● What you will do:
Each and every line below goes into your answer unchanged, but leave out the images.

★ ★ ★ ★ ★

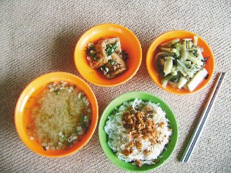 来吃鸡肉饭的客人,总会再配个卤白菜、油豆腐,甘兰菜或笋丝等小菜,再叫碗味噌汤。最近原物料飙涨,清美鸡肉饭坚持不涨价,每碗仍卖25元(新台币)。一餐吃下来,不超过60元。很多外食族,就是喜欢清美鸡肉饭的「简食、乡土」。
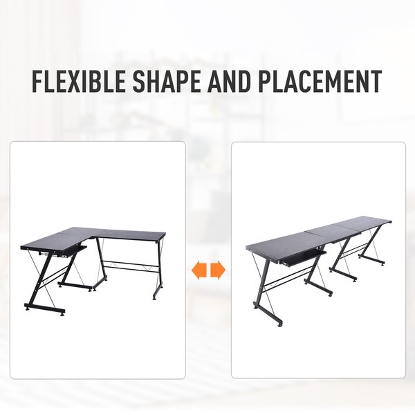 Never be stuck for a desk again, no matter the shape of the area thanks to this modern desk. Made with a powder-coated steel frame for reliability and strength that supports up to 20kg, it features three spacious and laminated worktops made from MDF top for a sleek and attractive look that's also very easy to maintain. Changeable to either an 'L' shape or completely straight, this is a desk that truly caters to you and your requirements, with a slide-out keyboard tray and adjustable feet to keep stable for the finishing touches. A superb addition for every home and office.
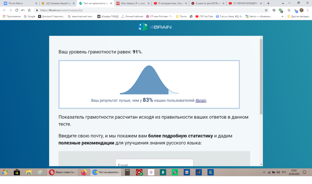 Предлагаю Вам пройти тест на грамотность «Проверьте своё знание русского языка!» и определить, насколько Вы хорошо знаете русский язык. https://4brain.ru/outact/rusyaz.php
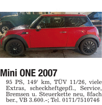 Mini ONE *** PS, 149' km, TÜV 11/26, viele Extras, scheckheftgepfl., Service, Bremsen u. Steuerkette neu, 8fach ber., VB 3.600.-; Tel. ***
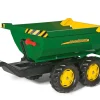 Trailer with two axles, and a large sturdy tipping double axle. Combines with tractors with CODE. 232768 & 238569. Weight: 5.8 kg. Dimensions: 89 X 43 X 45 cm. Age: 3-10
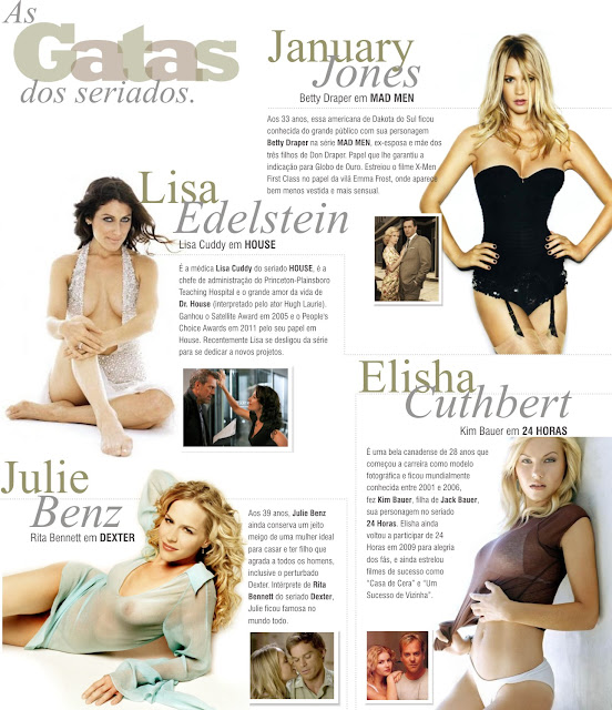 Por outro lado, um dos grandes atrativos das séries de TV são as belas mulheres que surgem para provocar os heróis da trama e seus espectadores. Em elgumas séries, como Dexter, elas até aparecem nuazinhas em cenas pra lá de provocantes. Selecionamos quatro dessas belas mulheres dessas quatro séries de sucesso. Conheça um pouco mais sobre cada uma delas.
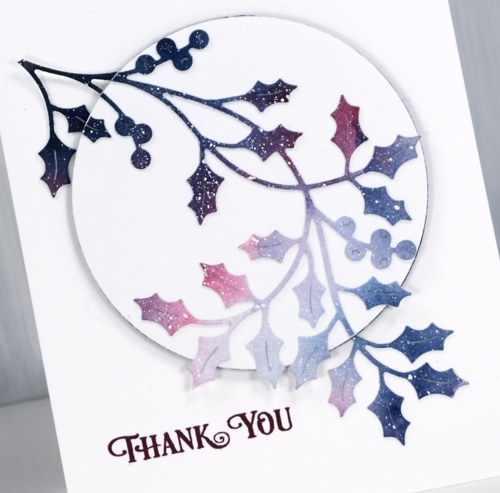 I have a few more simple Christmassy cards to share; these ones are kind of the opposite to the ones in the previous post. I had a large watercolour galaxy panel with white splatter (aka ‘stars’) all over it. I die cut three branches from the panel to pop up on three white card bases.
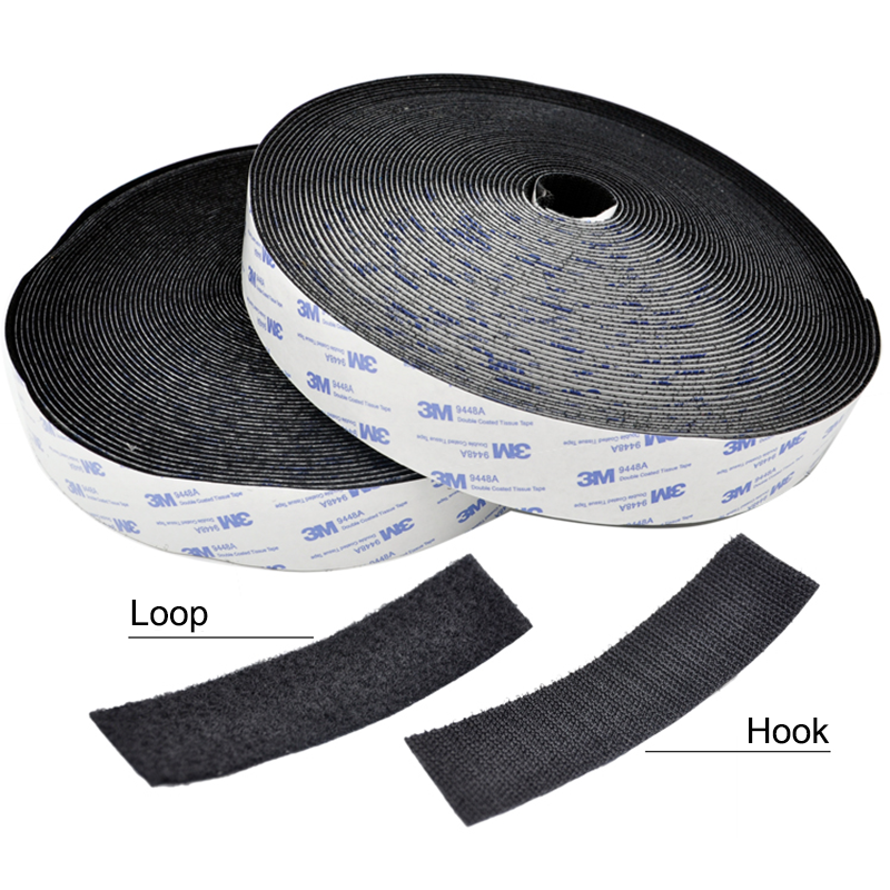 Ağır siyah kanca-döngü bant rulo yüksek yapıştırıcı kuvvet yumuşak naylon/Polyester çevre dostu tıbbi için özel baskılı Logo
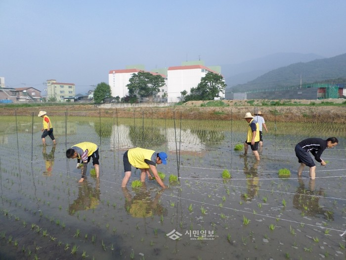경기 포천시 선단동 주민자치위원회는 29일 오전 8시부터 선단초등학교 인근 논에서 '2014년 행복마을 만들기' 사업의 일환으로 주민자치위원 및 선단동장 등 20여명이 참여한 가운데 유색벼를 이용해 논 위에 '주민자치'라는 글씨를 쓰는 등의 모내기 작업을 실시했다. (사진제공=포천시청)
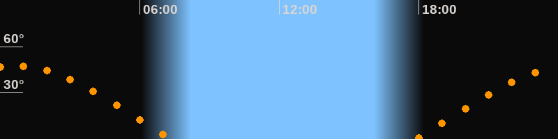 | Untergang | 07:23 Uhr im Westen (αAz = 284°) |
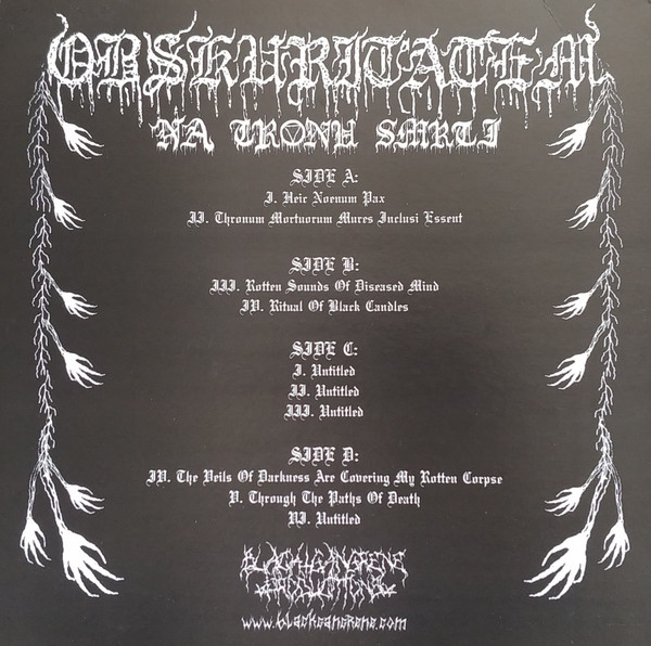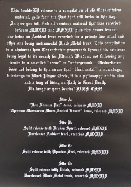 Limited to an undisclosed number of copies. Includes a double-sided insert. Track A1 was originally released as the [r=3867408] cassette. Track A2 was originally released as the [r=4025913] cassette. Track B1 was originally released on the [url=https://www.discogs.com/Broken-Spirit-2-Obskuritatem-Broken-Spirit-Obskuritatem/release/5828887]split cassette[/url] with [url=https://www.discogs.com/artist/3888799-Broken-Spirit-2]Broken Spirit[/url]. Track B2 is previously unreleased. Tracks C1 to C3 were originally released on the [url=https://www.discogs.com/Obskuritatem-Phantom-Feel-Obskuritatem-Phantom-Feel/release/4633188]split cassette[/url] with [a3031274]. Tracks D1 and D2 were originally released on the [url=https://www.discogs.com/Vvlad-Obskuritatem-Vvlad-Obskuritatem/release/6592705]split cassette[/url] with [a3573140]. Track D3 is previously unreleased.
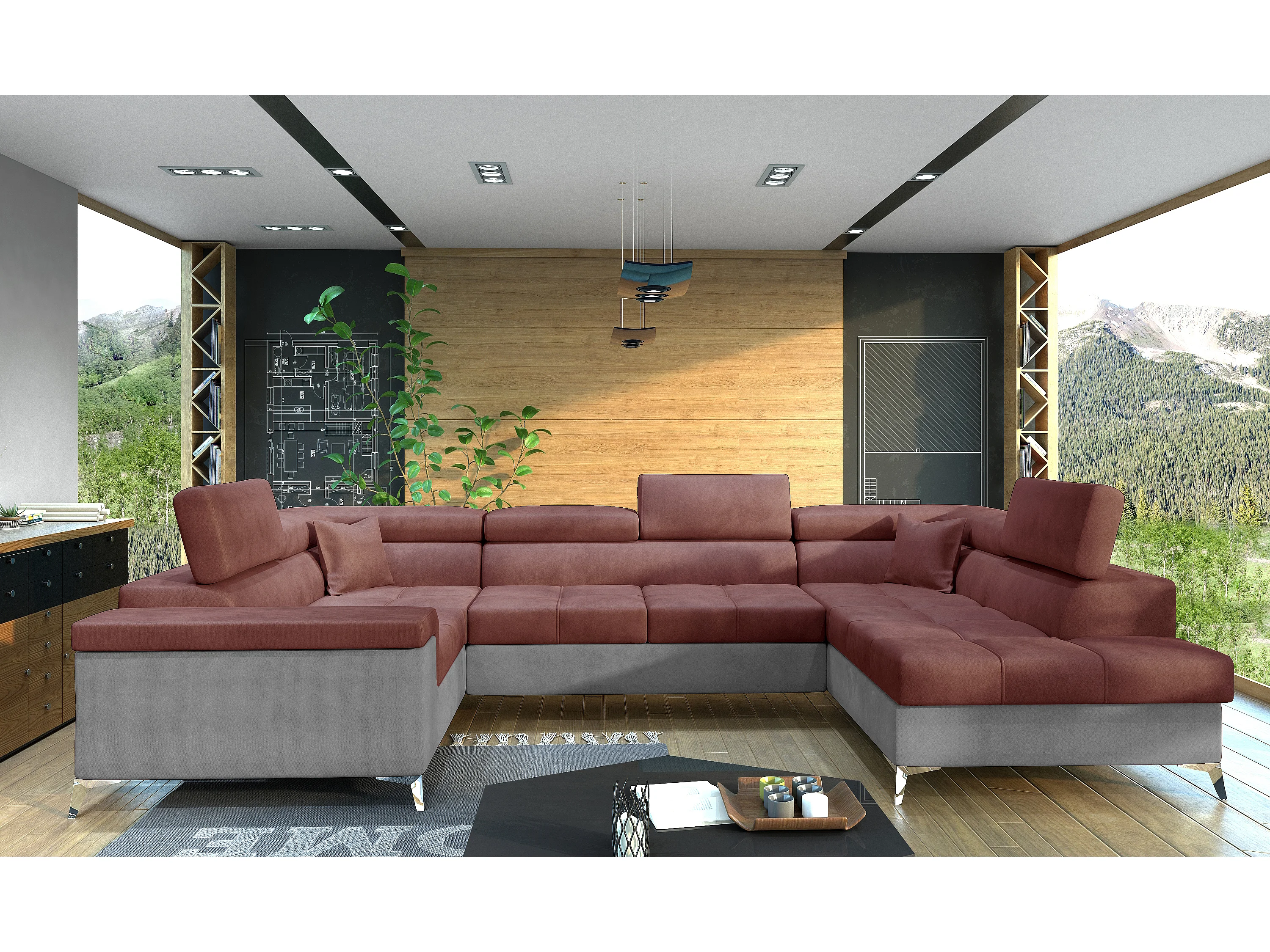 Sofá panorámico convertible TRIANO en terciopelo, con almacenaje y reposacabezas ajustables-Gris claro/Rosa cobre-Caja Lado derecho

★ ★ ★ ★ ★

● Exercise answer:
 来吃鸡肉饭的客人,总会再配个卤白菜、油豆腐,甘兰菜或笋丝等小菜,再叫碗味噌汤。最近原物料飙涨,清美鸡肉饭坚持不涨价,每碗仍卖25元(新台币)。一餐吃下来,不超过60元。很多外食族,就是喜欢清美鸡肉饭的「简食、乡土」。
 Never be stuck for a desk again, no matter the shape of the area thanks to this modern desk. Made with a powder-coated steel frame for reliability and strength that supports up to 20kg, it features three spacious and laminated worktops made from MDF top for a sleek and attractive look that's also very easy to maintain. Changeable to either an 'L' shape or completely straight, this is a desk that truly caters to you and your requirements, with a slide-out keyboard tray and adjustable feet to keep stable for the finishing touches. A superb addition for every home and office.
 Предлагаю Вам пройти тест на грамотность «Проверьте своё знание русского языка!» и определить, насколько Вы хорошо знаете русский язык. https://4brain.ru/outact/rusyaz.php
 Mini ONE *** PS, 149' km, TÜV 11/26, viele Extras, scheckheftgepfl., Service, Bremsen u. Steuerkette neu, 8fach ber., VB 3.600.-; Tel. ***
 Trailer with two axles, and a large sturdy tipping double axle. Combines with tractors with CODE. 232768 & 238569. Weight: 5.8 kg. Dimensions: 89 X 43 X 45 cm. Age: 3-10
 Por outro lado, um dos grandes atrativos das séries de TV são as belas mulheres que surgem para provocar os heróis da trama e seus espectadores. Em elgumas séries, como Dexter, elas até aparecem nuazinhas em cenas pra lá de provocantes. Selecionamos quatro dessas belas mulheres dessas quatro séries de sucesso. Conheça um pouco mais sobre cada uma delas.
 I have a few more simple Christmassy cards to share; these ones are kind of the opposite to the ones in the previous post. I had a large watercolour galaxy panel with white splatter (aka ‘stars’) all over it. I die cut three branches from the panel to pop up on three white card bases.
 Ağır siyah kanca-döngü bant rulo yüksek yapıştırıcı kuvvet yumuşak naylon/Polyester çevre dostu tıbbi için özel baskılı Logo
경기 포천시 선단동 주민자치위원회는 29일 오전 8시부터 선단초등학교 인근 논에서 '2014년 행복마을 만들기' 사업의 일환으로 주민자치위원 및 선단동장 등 20여명이 참여한 가운데 유색벼를 이용해 논 위에 '주민자치'라는 글씨를 쓰는 등의 모내기 작업을 실시했다. (사진제공=포천시청)
 | Untergang | 07:23 Uhr im Westen (αAz = 284°) |
 Limited to an undisclosed number of copies. Includes a double-sided insert. Track A1 was originally released as the [r=3867408] cassette. Track A2 was originally released as the [r=4025913] cassette. Track B1 was originally released on the [url=https://www.discogs.com/Broken-Spirit-2-Obskuritatem-Broken-Spirit-Obskuritatem/release/5828887]split cassette[/url] with [url=https://www.discogs.com/artist/3888799-Broken-Spirit-2]Broken Spirit[/url]. Track B2 is previously unreleased. Tracks C1 to C3 were originally released on the [url=https://www.discogs.com/Obskuritatem-Phantom-Feel-Obskuritatem-Phantom-Feel/release/4633188]split cassette[/url] with [a3031274]. Tracks D1 and D2 were originally released on the [url=https://www.discogs.com/Vvlad-Obskuritatem-Vvlad-Obskuritatem/release/6592705]split cassette[/url] with [a3573140]. Track D3 is previously unreleased.
 Sofá panorámico convertible TRIANO en terciopelo, con almacenaje y reposacabezas ajustables-Gris claro/Rosa cobre-Caja Lado derecho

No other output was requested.